**Directions:** Write out, word for word, every line in the data below from the one containing "在研究中,空心三开口圆柱构成" to the one containing "- 丸型〔テト祝華模様〕 通販店", both of them included.

**Provided entries:**
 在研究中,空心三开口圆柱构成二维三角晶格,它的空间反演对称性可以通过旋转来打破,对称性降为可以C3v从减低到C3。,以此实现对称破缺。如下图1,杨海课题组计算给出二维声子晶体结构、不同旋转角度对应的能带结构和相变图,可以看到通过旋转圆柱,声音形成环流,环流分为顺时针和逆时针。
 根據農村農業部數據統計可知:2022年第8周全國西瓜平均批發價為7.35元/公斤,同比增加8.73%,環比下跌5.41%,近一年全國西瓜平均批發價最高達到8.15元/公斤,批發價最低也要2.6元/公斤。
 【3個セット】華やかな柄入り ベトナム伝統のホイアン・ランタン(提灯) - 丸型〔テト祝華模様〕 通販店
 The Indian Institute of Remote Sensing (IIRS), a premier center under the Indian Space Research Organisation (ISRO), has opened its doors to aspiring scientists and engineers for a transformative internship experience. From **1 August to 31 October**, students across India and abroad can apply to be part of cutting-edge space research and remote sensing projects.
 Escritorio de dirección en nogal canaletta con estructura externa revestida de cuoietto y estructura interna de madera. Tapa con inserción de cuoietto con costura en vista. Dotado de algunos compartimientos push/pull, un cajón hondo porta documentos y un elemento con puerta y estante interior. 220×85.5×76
==
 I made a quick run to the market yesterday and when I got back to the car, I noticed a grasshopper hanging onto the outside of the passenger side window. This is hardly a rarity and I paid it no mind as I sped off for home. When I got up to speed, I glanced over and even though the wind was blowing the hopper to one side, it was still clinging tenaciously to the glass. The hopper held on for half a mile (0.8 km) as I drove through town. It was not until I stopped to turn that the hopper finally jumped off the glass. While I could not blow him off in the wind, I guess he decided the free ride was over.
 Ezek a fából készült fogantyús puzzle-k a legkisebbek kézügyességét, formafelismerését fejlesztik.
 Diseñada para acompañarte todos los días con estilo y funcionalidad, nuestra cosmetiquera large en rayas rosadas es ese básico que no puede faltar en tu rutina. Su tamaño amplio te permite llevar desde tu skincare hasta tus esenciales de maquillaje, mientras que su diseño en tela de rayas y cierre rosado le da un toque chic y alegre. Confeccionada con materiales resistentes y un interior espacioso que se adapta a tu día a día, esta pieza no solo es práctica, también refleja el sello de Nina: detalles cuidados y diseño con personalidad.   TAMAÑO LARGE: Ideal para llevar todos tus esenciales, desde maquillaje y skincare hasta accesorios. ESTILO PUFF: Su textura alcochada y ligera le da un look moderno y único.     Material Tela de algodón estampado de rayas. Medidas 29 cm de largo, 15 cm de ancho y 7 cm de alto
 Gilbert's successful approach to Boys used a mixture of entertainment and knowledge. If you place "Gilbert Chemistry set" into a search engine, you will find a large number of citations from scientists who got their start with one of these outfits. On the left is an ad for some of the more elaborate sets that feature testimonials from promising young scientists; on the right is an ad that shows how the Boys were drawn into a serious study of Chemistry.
--
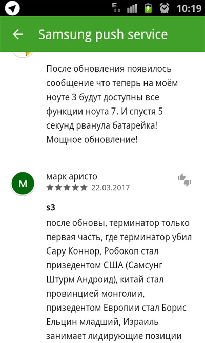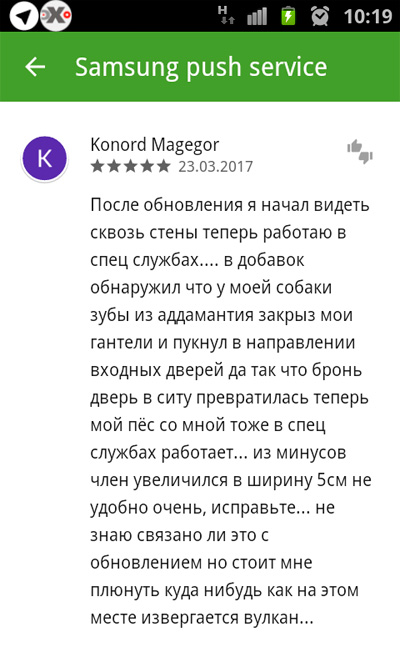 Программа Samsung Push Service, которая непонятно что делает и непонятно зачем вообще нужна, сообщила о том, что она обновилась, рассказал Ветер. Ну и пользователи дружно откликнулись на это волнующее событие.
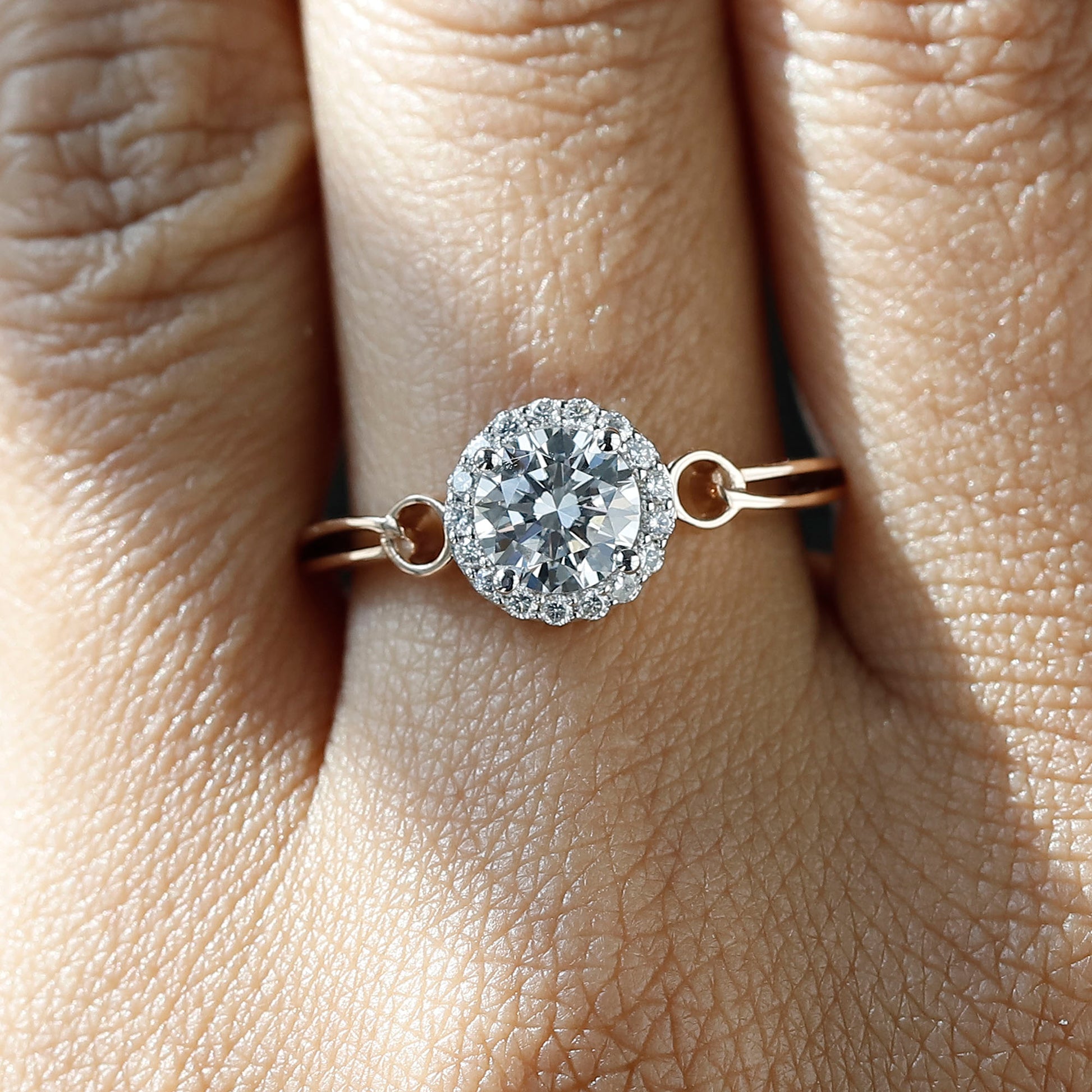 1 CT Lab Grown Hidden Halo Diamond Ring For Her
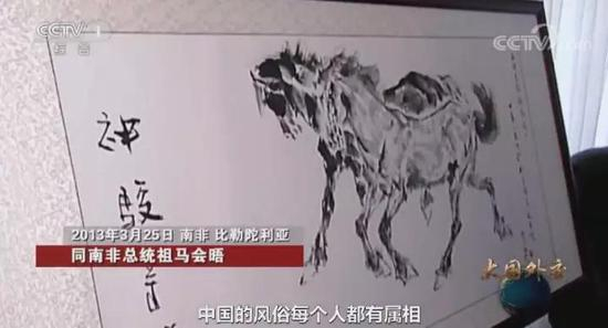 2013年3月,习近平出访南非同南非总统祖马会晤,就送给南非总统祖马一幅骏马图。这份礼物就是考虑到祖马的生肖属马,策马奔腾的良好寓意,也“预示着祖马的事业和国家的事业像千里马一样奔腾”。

**Result of this task:**
 在研究中,空心三开口圆柱构成二维三角晶格,它的空间反演对称性可以通过旋转来打破,对称性降为可以C3v从减低到C3。,以此实现对称破缺。如下图1,杨海课题组计算给出二维声子晶体结构、不同旋转角度对应的能带结构和相变图,可以看到通过旋转圆柱,声音形成环流,环流分为顺时针和逆时针。
 根據農村農業部數據統計可知:2022年第8周全國西瓜平均批發價為7.35元/公斤,同比增加8.73%,環比下跌5.41%,近一年全國西瓜平均批發價最高達到8.15元/公斤,批發價最低也要2.6元/公斤。
 【3個セット】華やかな柄入り ベトナム伝統のホイアン・ランタン(提灯) - 丸型〔テト祝華模様〕 通販店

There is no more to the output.